• **TASK MATERIAL**
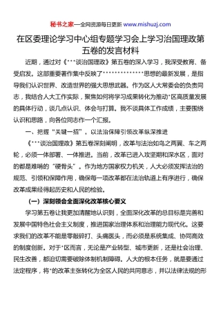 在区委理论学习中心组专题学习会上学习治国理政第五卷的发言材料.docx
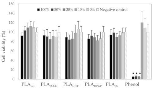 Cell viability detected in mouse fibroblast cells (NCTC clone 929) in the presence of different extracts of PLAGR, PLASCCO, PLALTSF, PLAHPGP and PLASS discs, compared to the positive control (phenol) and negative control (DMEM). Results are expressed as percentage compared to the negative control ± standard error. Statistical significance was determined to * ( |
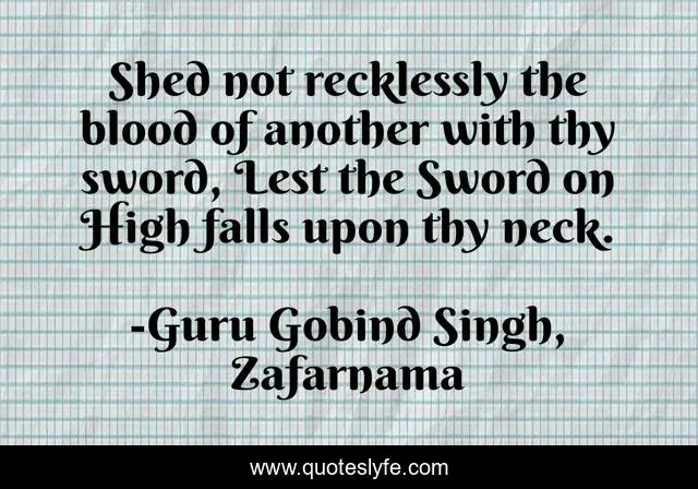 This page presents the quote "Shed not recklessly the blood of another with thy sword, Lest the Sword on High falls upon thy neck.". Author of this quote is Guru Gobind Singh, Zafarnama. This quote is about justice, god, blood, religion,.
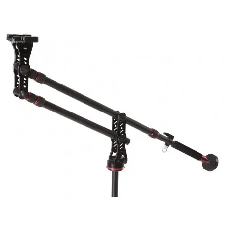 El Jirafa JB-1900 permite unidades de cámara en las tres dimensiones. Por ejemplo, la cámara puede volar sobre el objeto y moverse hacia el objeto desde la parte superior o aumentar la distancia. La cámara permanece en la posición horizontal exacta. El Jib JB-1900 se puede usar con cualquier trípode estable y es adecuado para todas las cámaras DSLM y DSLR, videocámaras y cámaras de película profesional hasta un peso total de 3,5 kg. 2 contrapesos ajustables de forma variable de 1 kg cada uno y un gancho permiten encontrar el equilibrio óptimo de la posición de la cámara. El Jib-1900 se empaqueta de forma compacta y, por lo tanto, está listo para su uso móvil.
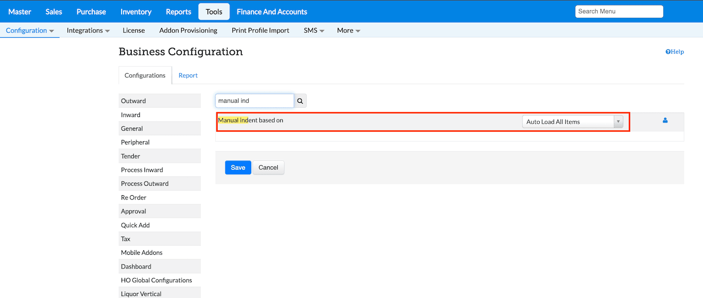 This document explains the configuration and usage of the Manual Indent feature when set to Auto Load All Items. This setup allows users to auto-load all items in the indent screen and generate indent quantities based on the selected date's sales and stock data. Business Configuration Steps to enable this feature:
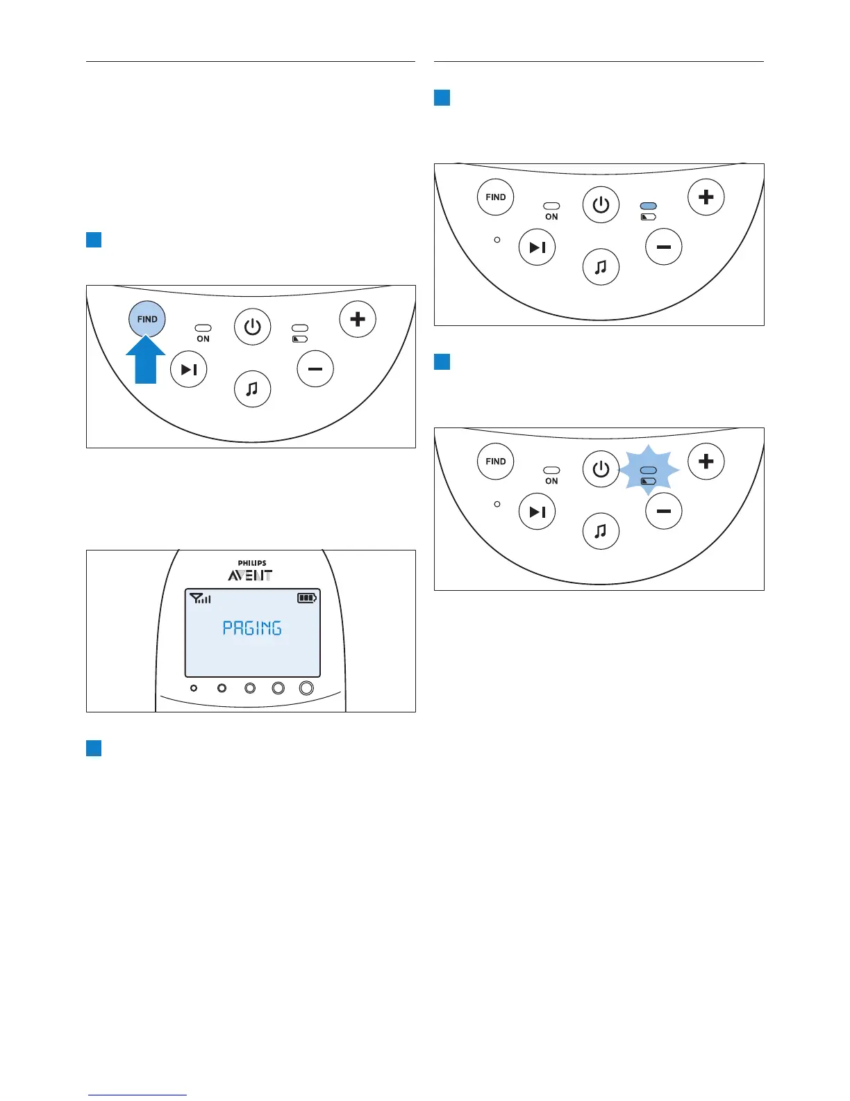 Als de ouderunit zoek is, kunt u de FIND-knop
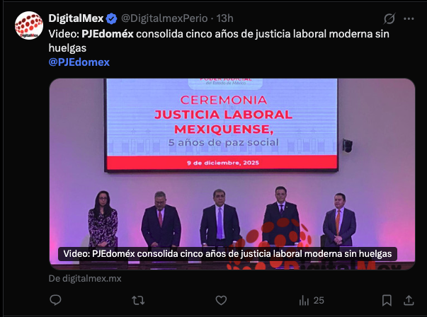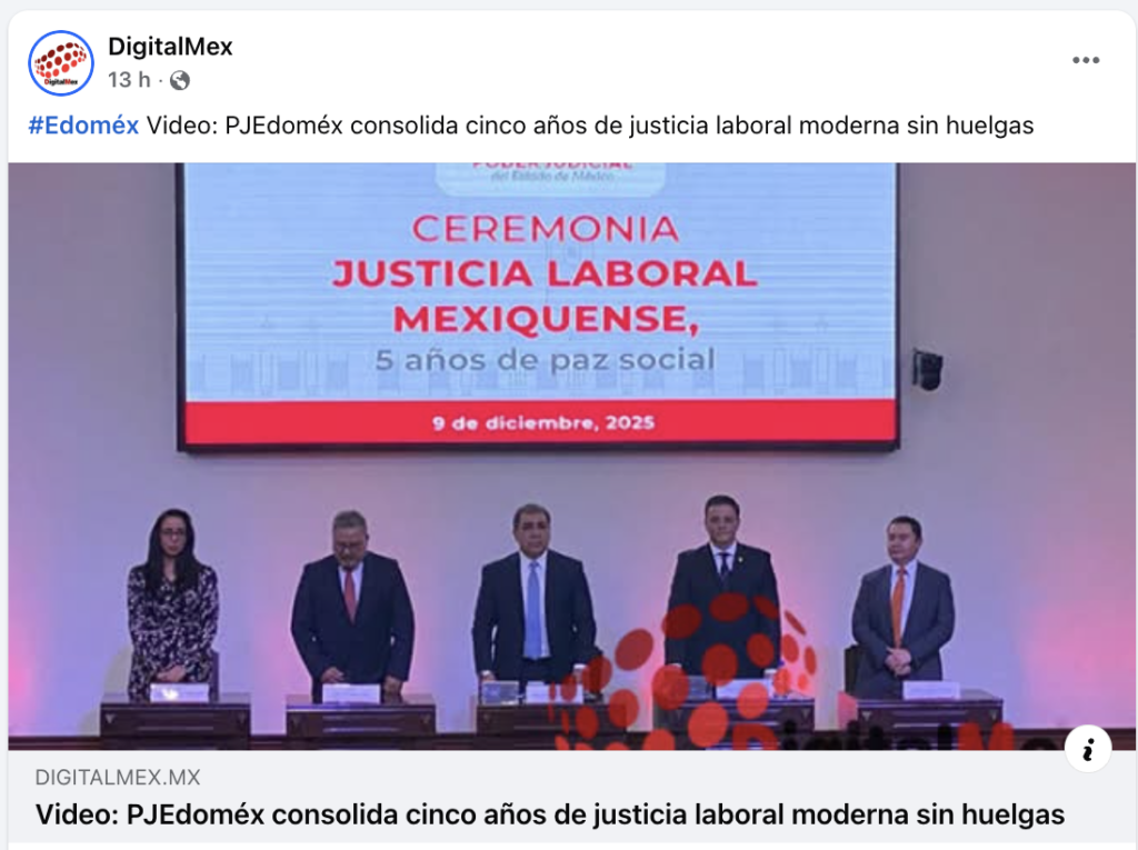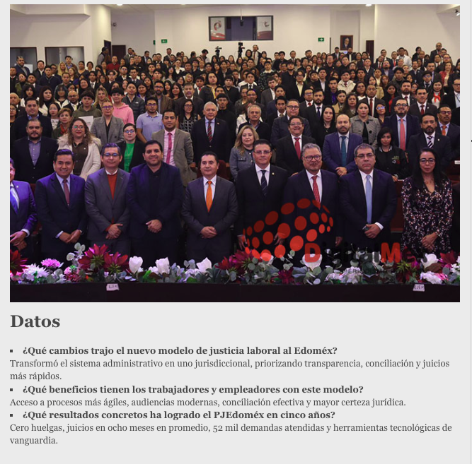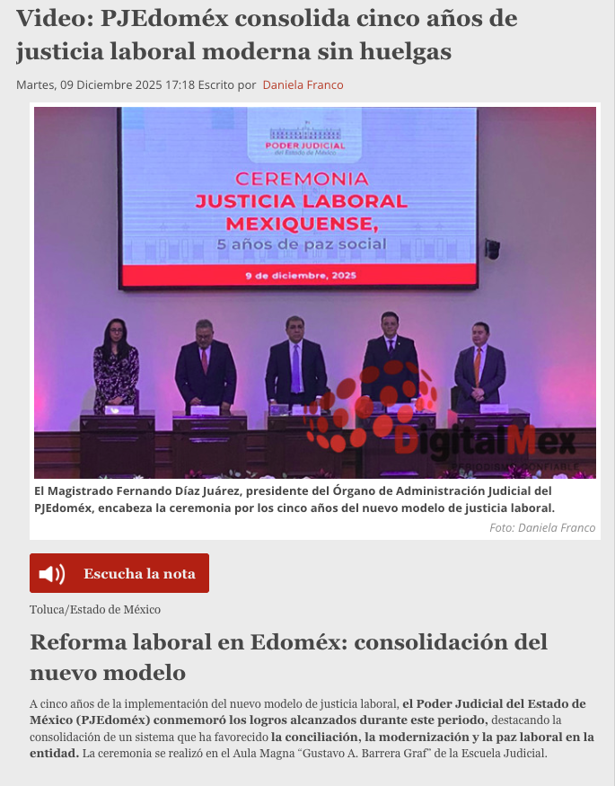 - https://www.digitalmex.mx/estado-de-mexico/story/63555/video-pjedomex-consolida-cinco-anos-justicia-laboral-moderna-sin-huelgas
--
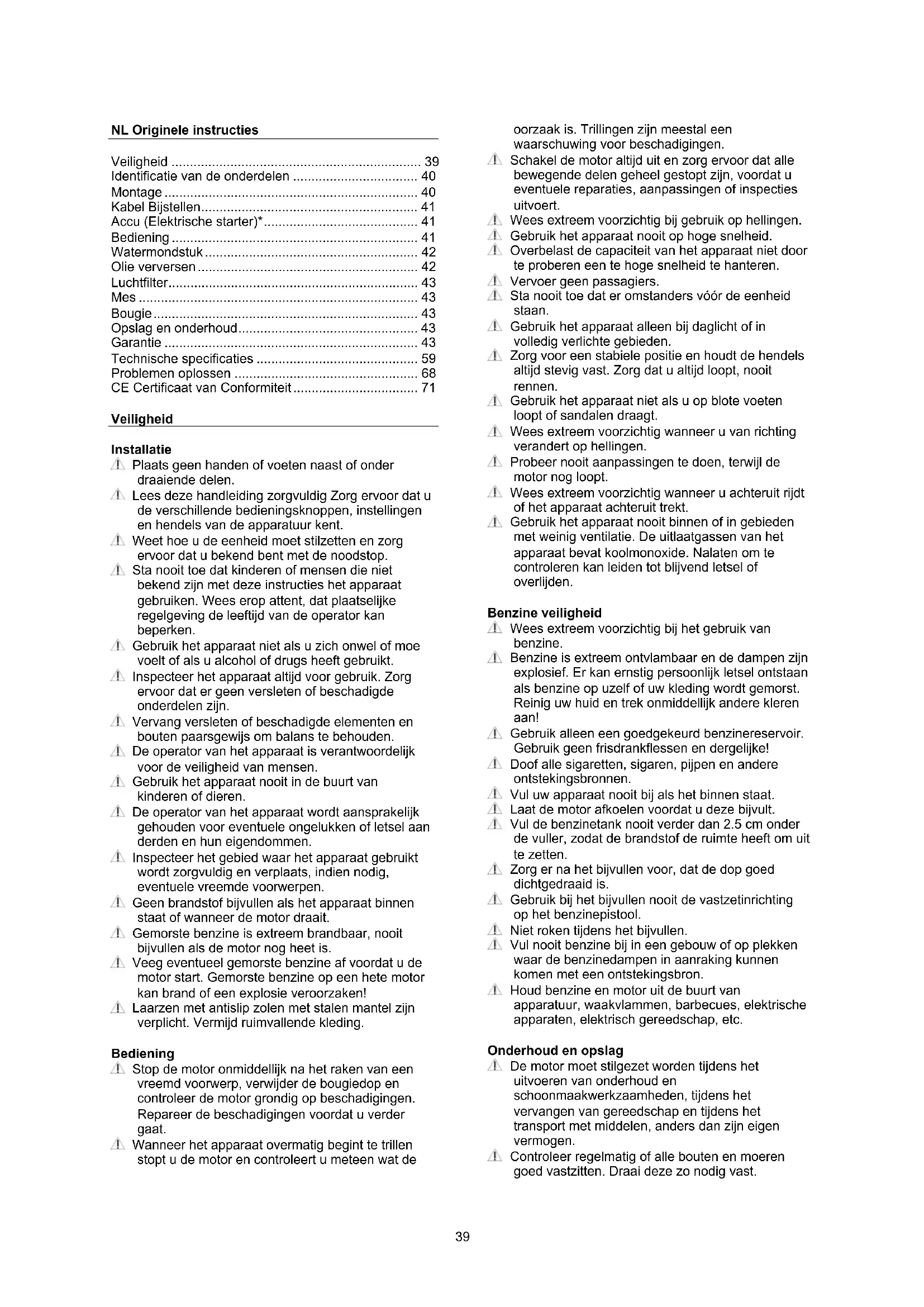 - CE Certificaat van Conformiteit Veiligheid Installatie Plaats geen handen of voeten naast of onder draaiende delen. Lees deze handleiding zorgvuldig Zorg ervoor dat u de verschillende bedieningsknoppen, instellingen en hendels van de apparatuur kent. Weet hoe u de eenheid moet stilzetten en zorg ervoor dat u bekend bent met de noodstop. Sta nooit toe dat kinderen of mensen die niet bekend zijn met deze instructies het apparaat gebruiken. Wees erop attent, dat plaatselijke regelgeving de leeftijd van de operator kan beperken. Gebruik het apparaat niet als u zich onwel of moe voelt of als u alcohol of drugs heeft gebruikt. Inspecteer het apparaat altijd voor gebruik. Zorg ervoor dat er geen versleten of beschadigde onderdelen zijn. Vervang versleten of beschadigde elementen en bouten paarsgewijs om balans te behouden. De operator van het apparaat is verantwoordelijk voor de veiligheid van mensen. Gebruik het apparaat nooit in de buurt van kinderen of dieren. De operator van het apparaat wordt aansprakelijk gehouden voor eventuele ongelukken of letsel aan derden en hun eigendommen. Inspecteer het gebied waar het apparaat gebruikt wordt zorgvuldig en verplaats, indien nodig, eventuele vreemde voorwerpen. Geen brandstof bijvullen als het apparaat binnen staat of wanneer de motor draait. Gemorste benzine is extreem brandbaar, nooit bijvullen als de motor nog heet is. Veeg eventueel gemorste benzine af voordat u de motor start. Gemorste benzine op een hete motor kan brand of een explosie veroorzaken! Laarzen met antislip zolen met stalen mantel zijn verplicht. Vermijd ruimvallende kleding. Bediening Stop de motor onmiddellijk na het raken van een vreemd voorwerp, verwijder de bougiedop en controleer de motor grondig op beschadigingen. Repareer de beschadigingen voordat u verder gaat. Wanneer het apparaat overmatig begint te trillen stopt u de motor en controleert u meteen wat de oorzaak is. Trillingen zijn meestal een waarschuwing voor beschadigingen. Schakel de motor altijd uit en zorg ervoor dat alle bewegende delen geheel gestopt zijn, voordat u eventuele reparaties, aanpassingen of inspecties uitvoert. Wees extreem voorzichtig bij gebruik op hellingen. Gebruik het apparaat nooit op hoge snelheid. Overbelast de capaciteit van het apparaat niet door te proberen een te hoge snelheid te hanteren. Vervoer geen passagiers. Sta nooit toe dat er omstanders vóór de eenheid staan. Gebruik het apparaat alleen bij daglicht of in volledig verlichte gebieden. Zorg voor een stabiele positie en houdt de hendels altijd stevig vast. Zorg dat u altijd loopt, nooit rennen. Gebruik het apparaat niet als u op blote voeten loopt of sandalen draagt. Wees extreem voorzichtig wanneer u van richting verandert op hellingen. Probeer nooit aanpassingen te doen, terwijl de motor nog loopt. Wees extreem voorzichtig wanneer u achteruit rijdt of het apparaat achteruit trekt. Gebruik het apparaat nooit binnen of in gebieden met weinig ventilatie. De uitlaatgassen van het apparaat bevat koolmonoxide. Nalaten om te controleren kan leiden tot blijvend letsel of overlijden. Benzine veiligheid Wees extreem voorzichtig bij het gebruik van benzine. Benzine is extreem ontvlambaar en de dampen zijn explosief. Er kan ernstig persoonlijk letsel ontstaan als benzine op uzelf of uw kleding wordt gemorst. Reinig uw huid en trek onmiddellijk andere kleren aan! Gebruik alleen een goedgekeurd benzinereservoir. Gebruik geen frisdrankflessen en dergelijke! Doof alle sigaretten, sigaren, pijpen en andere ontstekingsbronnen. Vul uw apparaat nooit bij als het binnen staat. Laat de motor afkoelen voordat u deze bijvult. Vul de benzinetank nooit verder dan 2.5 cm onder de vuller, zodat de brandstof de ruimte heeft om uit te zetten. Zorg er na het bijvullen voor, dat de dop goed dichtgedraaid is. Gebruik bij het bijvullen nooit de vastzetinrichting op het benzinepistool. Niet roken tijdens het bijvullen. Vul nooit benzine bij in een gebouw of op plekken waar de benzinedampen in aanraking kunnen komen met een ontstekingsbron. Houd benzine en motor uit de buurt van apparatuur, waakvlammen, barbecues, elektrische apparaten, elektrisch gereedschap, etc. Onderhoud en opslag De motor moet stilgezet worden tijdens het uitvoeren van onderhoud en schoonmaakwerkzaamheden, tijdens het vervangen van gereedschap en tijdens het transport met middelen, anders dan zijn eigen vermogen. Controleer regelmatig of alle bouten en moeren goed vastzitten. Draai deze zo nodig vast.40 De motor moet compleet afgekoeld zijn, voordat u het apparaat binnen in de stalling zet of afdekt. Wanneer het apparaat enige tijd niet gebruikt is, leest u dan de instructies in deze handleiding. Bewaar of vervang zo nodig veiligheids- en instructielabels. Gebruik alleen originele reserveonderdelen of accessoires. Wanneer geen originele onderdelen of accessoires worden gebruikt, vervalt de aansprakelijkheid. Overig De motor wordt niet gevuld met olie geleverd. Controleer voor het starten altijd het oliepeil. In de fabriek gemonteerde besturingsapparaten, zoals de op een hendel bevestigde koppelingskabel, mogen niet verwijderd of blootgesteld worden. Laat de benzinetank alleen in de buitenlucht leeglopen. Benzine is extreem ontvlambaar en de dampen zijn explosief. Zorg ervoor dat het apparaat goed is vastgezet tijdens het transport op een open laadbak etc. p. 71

• **PROBLEM STATEMENT**
When you reach the line containing "在区委理论学习中心组专题学习会上学习治国理政第五卷的发言材料.docx" in the entries above, begin restating word for word, and stop once the line containing "El Jirafa JB-1900" has been given. Omit the pictures.

• **ANSWER BOX**
 在区委理论学习中心组专题学习会上学习治国理政第五卷的发言材料.docx
 Cell viability detected in mouse fibroblast cells (NCTC clone 929) in the presence of different extracts of PLAGR, PLASCCO, PLALTSF, PLAHPGP and PLASS discs, compared to the positive control (phenol) and negative control (DMEM). Results are expressed as percentage compared to the negative control ± standard error. Statistical significance was determined to * ( |
 This page presents the quote "Shed not recklessly the blood of another with thy sword, Lest the Sword on High falls upon thy neck.". Author of this quote is Guru Gobind Singh, Zafarnama. This quote is about justice, god, blood, religion,.
 El Jirafa JB-1900 permite unidades de cámara en las tres dimensiones. Por ejemplo, la cámara puede volar sobre el objeto y moverse hacia el objeto desde la parte superior o aumentar la distancia. La cámara permanece en la posición horizontal exacta. El Jib JB-1900 se puede usar con cualquier trípode estable y es adecuado para todas las cámaras DSLM y DSLR, videocámaras y cámaras de película profesional hasta un peso total de 3,5 kg. 2 contrapesos ajustables de forma variable de 1 kg cada uno y un gancho permiten encontrar el equilibrio óptimo de la posición de la cámara. El Jib-1900 se empaqueta de forma compacta y, por lo tanto, está listo para su uso móvil.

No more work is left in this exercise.